«O poeta holandês»

Festival Fernando Pessoa em Utreque

Um festival dedicado a Fernando Pessoa (1888-1935) decorre este mês na Holanda, promovido pela fundação cultural ‘Poëziecircus\', com declamação de poesia, teatro, cinema, exposições e o lançamento do primeiro grande estudo dedicado ao poeta português em holandês.

Número 136   ·   11 de Março de 2009   ·   Suplemento do JL n.º 1003, ano XXVIII

«O poeta holandês»
Foto Merijn van der Vliet
Na sessão de abertura do festival, no teatro Kikker, em Utreque, a 1 de Março, estiveram presentes a sobrinha de Fernando Pessoa, Manuela Nogueira, o poeta Nuno Júdice, que leu poesia sua, nomeadamente Uma paisagem da Holanda, poema usado especialmente para o festival, bem como a cantora de jazz holandesa Denise Jannah, que interpretou textos do escritor português.

«Pessoa é extremamente conhecido na Holanda» e a sua «influência» na literatura e nas artes holandesas «foi enorme», afirma Michaël Stoker, professor universitário, organizador do festival (que tem o apoio do Instituto Camões) e autor do livro Fernando Pessoa: A ficção acompanha-me como a minha sombra, lançado durante o evento e que contém vários inéditos do espólio do poeta e «clarifica o que Pessoa escreveu acerca da Holanda e da Bélgica».

«Toda uma geração de poetas, escritores e artistas admitiu ter sido influenciada pelo escritor português», acrescenta Stoker, que refere o que escreveu o poeta e crítico holandês Rob Schouten: «não há poeta estrangeiro que tenha causado tanto impacto nos leitores holandeses como Fernando Pessoa». Schouten intitulou mesmo O poeta holandês Fernando Pessoa: trinta anos de influência ecuménica um artigo seu publicado em 2006 na revista ‘Atwater\'.

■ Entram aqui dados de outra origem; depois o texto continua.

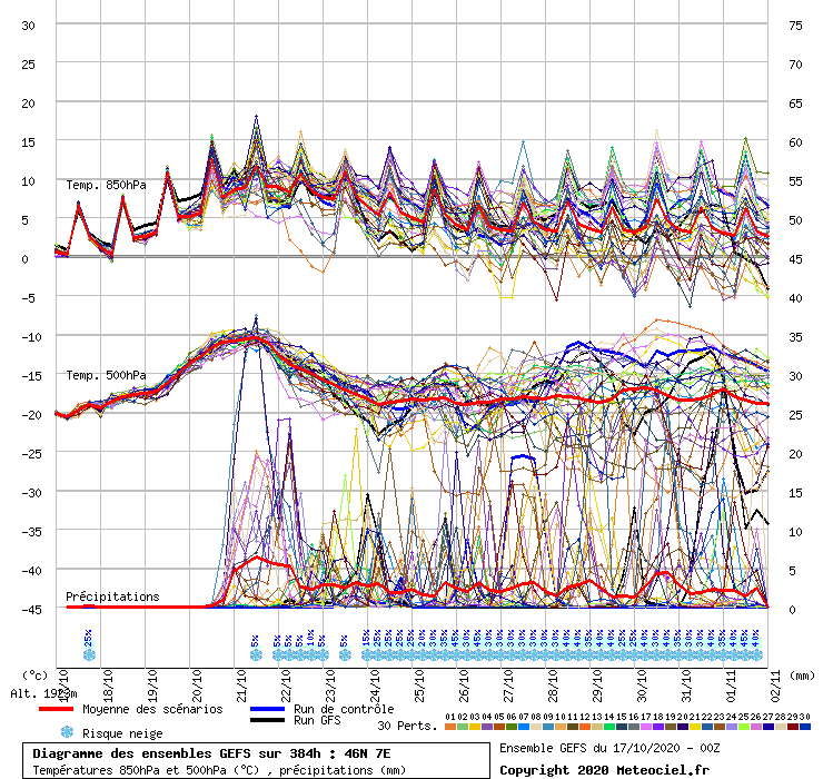 This chart shows the 14 day weather trend for Crans-Montana (Valais, Switzerland) with daily weather symbols, minimum and maximum temperatures, precipitation amount and probability. The deviance is coloured within the temperature graph. The stronger the ups and downs, the more uncertain the forecast will be. The thick line represents the most.
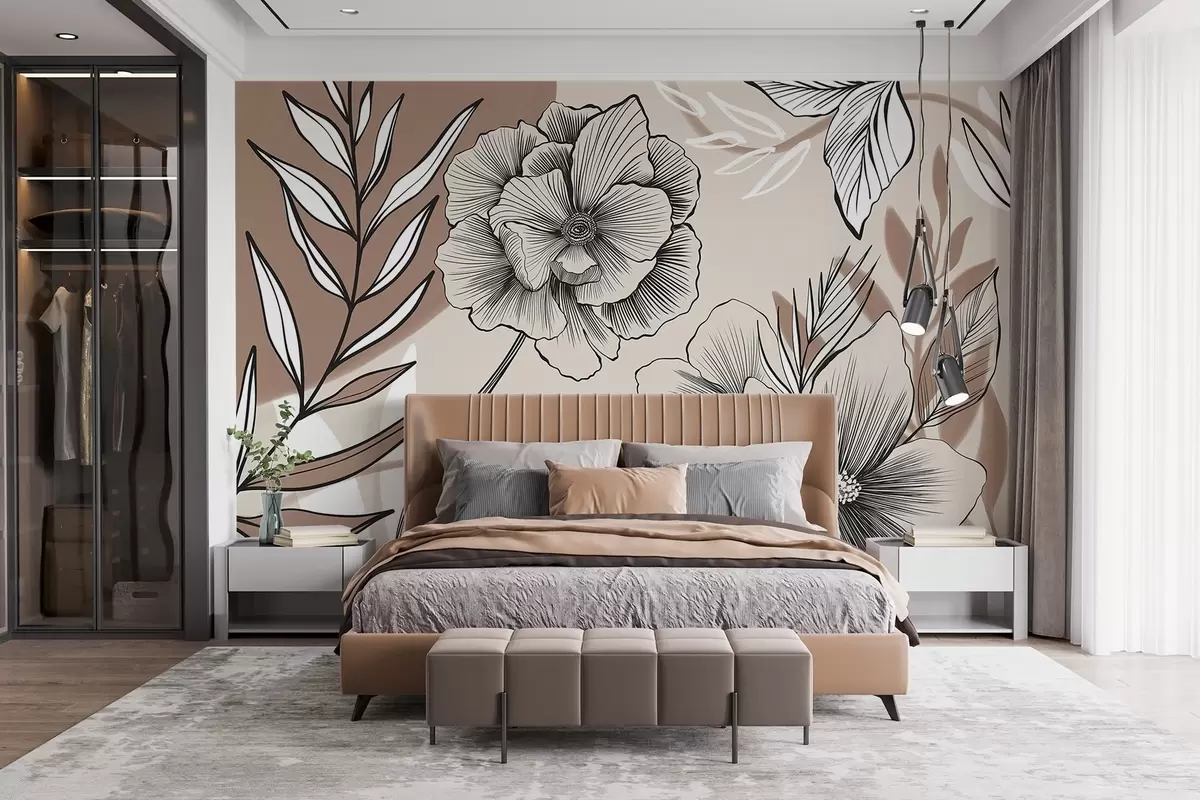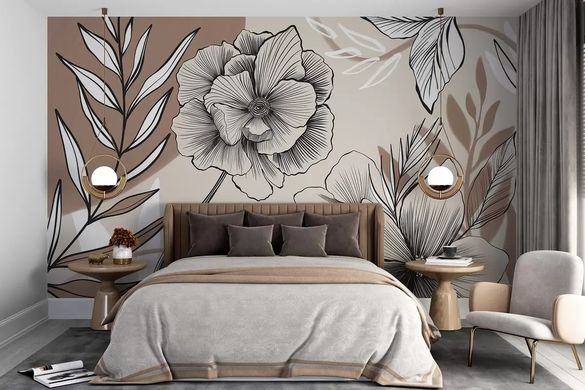 Фототапет Големи черно-бели графични цветя с подробни листа на бежов абстрактен фон Nr w08580

«O poeta holandês»«Nos últimos oito anos, quinze traduções de obras chave de Fernando Pessoa foram publicadas na Holanda», refere o professor de Literatura Portuguesa na Universidade de Utreque. Entre as traduções para holandês encontram-se a poesia dos heterónimos Alberto Caeiro, Álvaro Campos, Ricardo Reis, três volumes de cartas, Herostratus, O Banqueiro Anarquista e duas traduções diferentes do Livro do Desassossego. Antes disso, August Willemsen introduziu a obra de Pessoa na Holanda com uma «excelente antologia» da sua poesia, publicada em 1979, que teve 13 reedições.

A nova obra de Stoker, que entre vários tópicos examina o lugar do poeta português na história literária europeia e a relevância da sua obra para a literatura contemporânea, inclui a publicação de alguns «inéditos do legado de Pessoa, incluindo dois atribuídos a heterónimos anteriormente desconhecidos», refere o académico holandês que prepara o seu doutoramento sobre o Livro do Desassossego.

«Um [dos heterónimos], chamado ‘Isaías Costa\', é particularmente interessante, uma vez que ele escreveu a frase enigmática: ‘O diabo? O diabo somos nós!\'», refere Stoker. «Nessa frase parece ouvir-se um eco da famosa frase do existencialismo literário ‘o inferno são os outros\'», escrita por Jean-Paul Sartre em Huis Clos, 25 anos depois da que Pessoa escreveu (aproximadamente em 1918), declara Michaël Stoker.

Além dos inéditos, o livro aborda também os textos escritos por Pessoa sobre a Holanda e Bélgica, em que o autor português classifica o primeiro país como «inferior» e o segundo como uma «pseudo-nação», revela Stoker, que refere outras passagens não muito abonatórias para os dois países feitas pelo poeta português.

No entanto, entre os papéis na posse da família de Pessoa e levados a leilão em Novembro passado, Stoker descobriu um documento em que o autor português «descreve o seu plano de publicar um dicionário em sete línguas, entre as quais o holandês».